# How to obtain dimension of solution space of ODE?

We are given the equation,

$$x^2y''-4xy'+6y=0$$

And we have to get the dimension of solution space in $(-1,1)$.

My Attempt: I tried substituting $$x=e^z$$ and I get from that, the following,

$$y=c_1x^2+c_2x^3$$

and concluded that dimension is $2$. But, I realize that at $x=0$, my ODE in standard form will face issues, and this solution may not work. How do I go about solving this?

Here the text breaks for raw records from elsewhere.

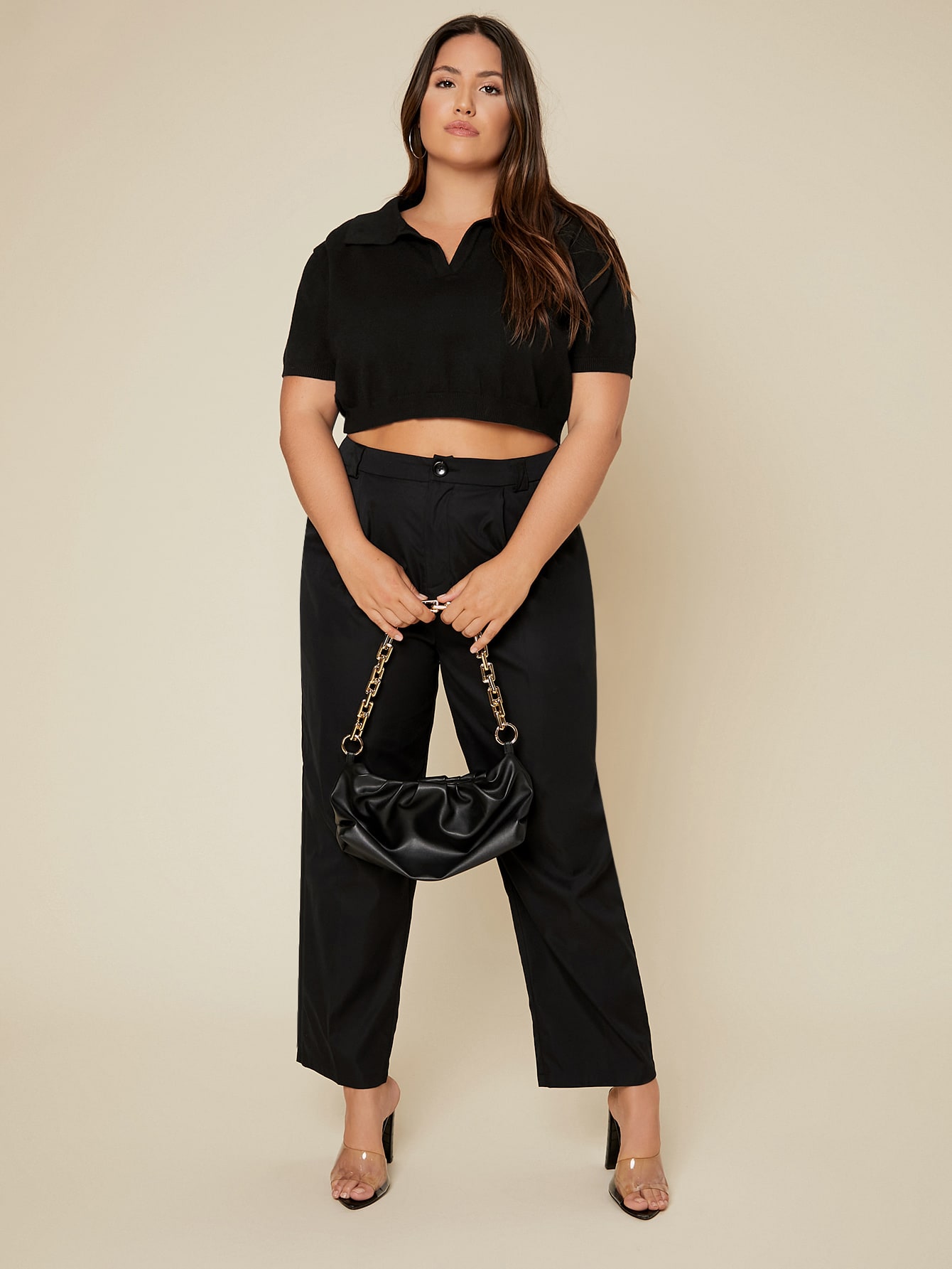 SHEIN EZwear Plus Ribbed Knit Crop Top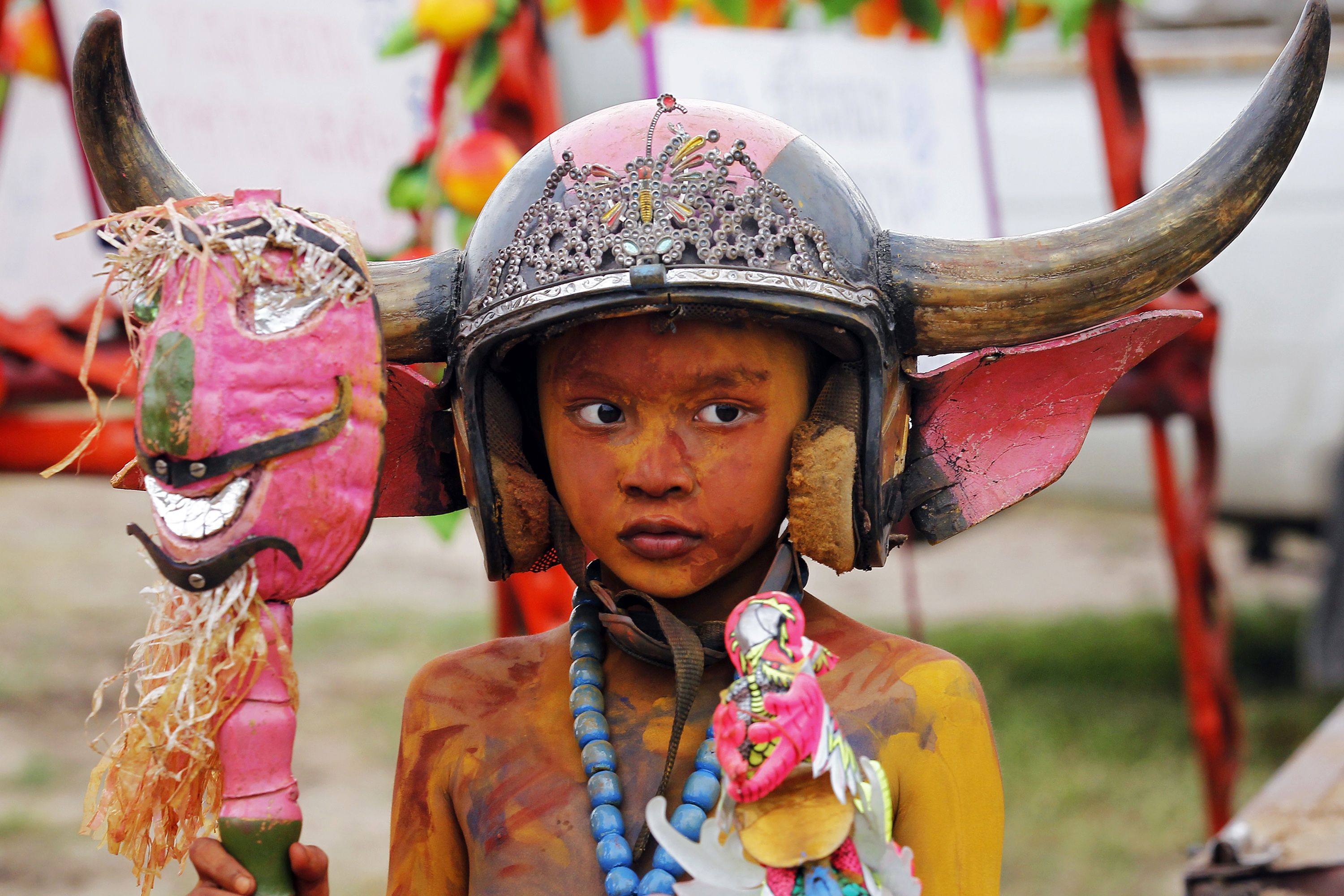 Các “trâu nước” này là những người đàn ông bôi nhọ bằng than hoặc dầu, đeo sừng và chuông quanh cổ. Họ diễu hành, nhảy múa hào hứng qua các con đường làng để thực hiện nghi lễ cầu mưa và cầu sự bảo vệ của thần linh. Thông thường, chỉ những người đàn ông hóa trang thành trâu nước, loài động vật linh thiêng và mạnh mẽ nhất trong nông nghiệp, tượng trưng cho quyền lực.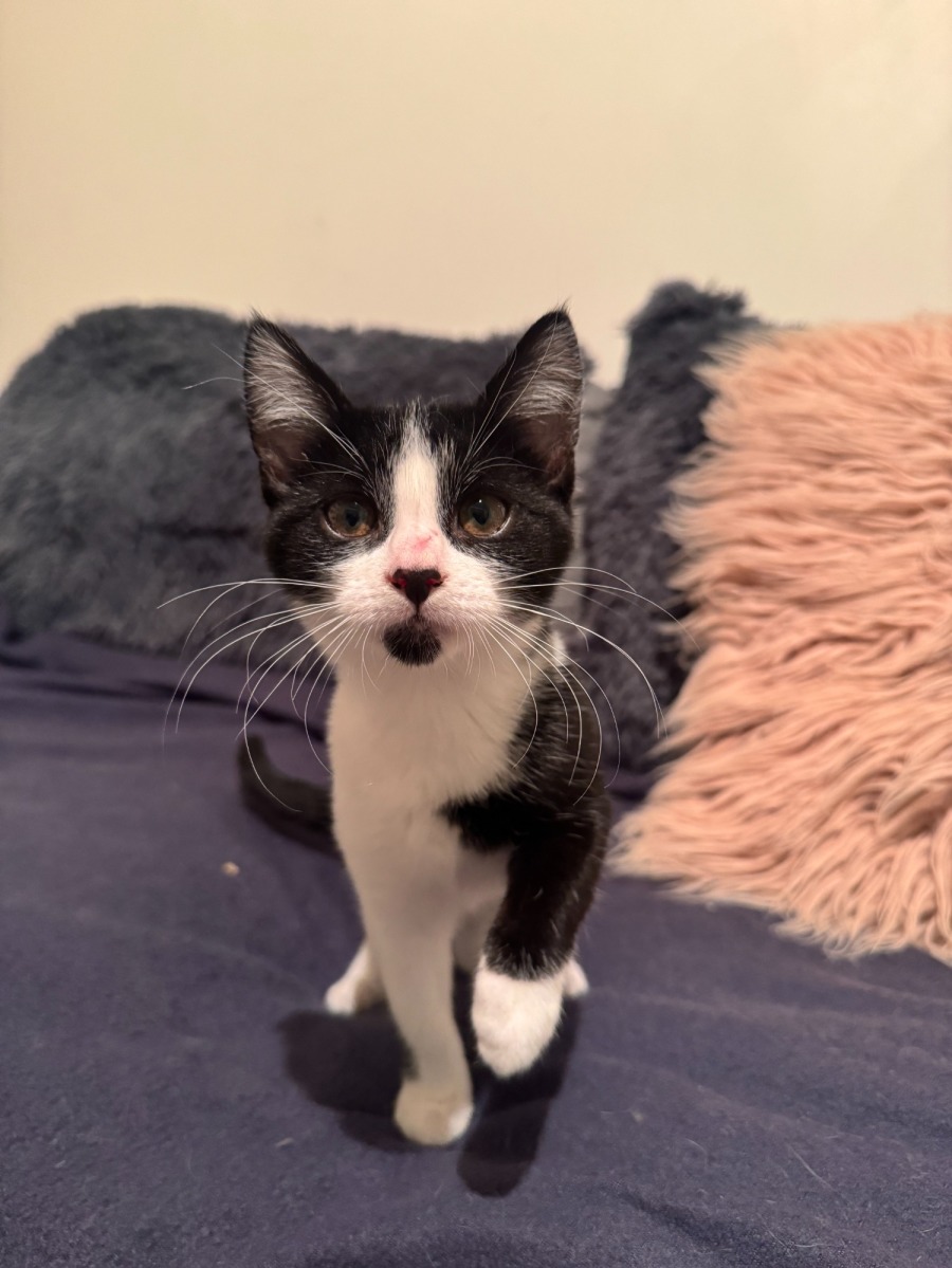 Like any kitten, June is full of playful energy. She’s a bit cheeky, loves to bat toys around & even carries her favourites with her like prized possessions. When playtime winds down, she’ll happily curl up on you for a nap or stay close by to keep you company.

This will depend on precisely what you mean by a "solution" when the differential equation is singular. Every solution is of the form $y = c_1 x^2 + c_2 x^3$ on $(0,1)$ and on $(-1,0)$, but do the coefficients $c_1$ and $c_2$ for $x > 0$ and for $x < 0$ have to be the same? It is reasonable to require $y$ to be twice differentiable, since the differential equation involves $y''$. Now the second derivative at $x=0$ is $2 c_1$, so $c_1$ needs to be the same on both sides, but there's no reason for $c_2$ to be the same. Thus we have solutions of the form
$$y(x) = \cases {c_1 x^2 + c_2 x^3 & for x \le 0\cr c_1 x^2 + c_3 x^3 & for x > 0\cr}$$ forming a vector space of dimension $3$.